Bacterial number in each sample was determined by fluorescence microscopy in our laboratory to obtain precise counts of bacteria to compare with the values determined using the microfluidic counting system. To determine total bacterial numbers, nucleic acid-binding dyes SYTO BC (Invitrogen, Carlsbad, CA, U.S.A.; excitation 480 nm, emission 500 nm), SYBR Gold (Invitrogen; excitation 495 nm, emission 537 nm), SYBR Green I (Invitrogen; excitation 497 nm, emission 520 nm) or SYBR Green II (Invitrogen; excitation 497 nm, emission 520 nm), were respectively added to the freshwater sample (final concentration, 10000-fold dilution of supplied product). To determine numbers of esterase-active cells, 6-carboxyfluorescein diacetate (6CFDA; Sigma-Aldrich, St. Louis, MO, U.S.A.) was added to the freshwater sample (final concentration 150 µg/mL).²³⁾ Cells were fluorescently stained for 3–5 min at room temperature in the dark, and stained cells in the sample were filtered onto a black polycarbonate membrane filter (pore size 0.2 µm, diameter 25 mm; ADVANTEC Toyo). The stained cells were counted at 1000× magnification (objective lens Plan Fluor 100×; Nikon, Tokyo, Japan) under blue excitation (B-2A cube; Nikon) using an epifluorescence microscope (E-400; Nikon).

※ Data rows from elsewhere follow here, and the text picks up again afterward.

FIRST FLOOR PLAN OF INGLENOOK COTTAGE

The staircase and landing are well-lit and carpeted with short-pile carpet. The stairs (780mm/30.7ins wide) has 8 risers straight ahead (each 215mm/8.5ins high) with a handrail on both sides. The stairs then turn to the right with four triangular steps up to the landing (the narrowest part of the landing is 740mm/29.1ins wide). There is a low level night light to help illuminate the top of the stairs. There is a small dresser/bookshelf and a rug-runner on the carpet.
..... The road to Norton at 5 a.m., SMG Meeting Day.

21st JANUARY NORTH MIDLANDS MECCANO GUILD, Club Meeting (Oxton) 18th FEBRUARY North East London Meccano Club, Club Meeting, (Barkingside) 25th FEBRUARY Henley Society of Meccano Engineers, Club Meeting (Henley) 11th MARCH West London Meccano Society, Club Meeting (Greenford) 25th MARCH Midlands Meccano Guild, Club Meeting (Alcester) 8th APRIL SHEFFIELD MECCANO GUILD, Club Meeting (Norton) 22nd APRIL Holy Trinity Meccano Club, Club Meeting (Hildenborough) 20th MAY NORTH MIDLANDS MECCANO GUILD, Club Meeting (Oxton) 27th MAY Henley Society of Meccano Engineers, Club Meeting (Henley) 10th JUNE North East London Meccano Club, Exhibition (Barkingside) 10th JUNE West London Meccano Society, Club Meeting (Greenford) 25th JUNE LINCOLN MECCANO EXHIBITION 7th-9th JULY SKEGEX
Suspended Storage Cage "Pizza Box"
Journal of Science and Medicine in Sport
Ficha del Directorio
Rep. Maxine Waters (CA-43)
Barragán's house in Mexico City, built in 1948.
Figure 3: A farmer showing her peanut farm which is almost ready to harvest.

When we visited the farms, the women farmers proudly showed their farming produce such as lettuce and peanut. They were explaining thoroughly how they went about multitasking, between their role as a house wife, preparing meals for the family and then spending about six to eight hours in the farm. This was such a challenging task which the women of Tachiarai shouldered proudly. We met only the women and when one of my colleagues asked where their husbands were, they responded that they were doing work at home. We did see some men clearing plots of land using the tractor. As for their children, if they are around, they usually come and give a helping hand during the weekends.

Microfluidic Device Designed for “On-Chip” Staining and Counting

Polydimethylsiloxane-glass hybrid microfluidic devices (Fig. 2) were constructed using rapid prototyping and replica-molding techniques.²¹⁾ The depth of the microchannel was 15 µm and the width was 100 or 500 µm.

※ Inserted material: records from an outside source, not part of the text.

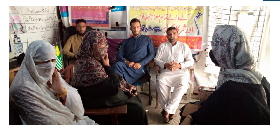
Faculty members of WUAJ&K visited the ALJIZA organization.
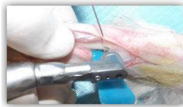
Figure (3) A small hole preparation

The micro-implants were inserted by special handdriver, the longaxis of the micro-implant was kept perpendicular to the external cortical tibia as possible (Figure 4).
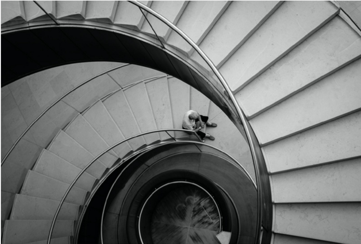
Tired museum-goer ~ Le Louvre, Paris
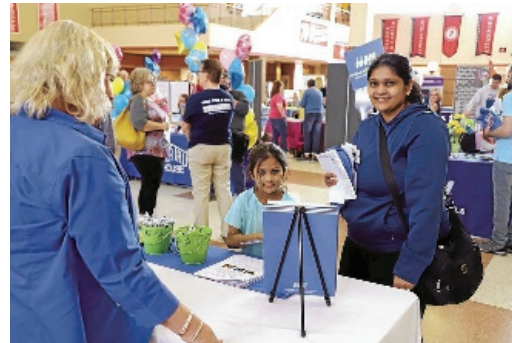
The Fair helps match prospective volunteers with organizations in need.

According to the U.S. Department of Agriculture (USDA), 726,020 people including 225,750 children in Indiana lack adequate amounts of food. Food insecurity
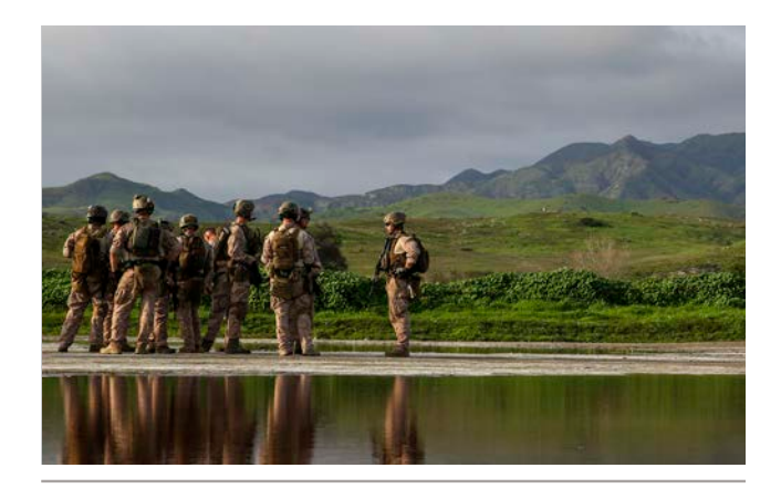
Marines with the 15th Marine Expeditionary Unit Maritime Raid Force discuss their individual movements during a Marine Expeditionary Unit Exercise at Camp Pendleton, California.

support realistic training conditions, mitigate risks against wildfires through the use of controlled burns, and recover threatened and endangered species to ease regulatory restrictions on mission capabilities.
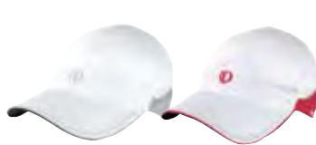
White/ Limestone - 20K White/ Cardinal - 2WB

Fig. 2. Detail of the Microfluidic Device for On-Chip Staining and Counting of Bacterial Cells in Freshwater

Long and short lengths are 50 and 25 mm, respectively. The width of the channel is 100 µm with the exception of the “mixing chamber,” which is 500 µm in the original design (a), and 100 µm in the modified design (b). The depth of the channel is 15 µm. Sample, fluorescent dye solution and sheath fluid were injected at the inlets as indicated. Fluorescent dye and sample are mixed in the “Mixing chamber” and fluorescently stained cells are detected in the “Detection chamber.”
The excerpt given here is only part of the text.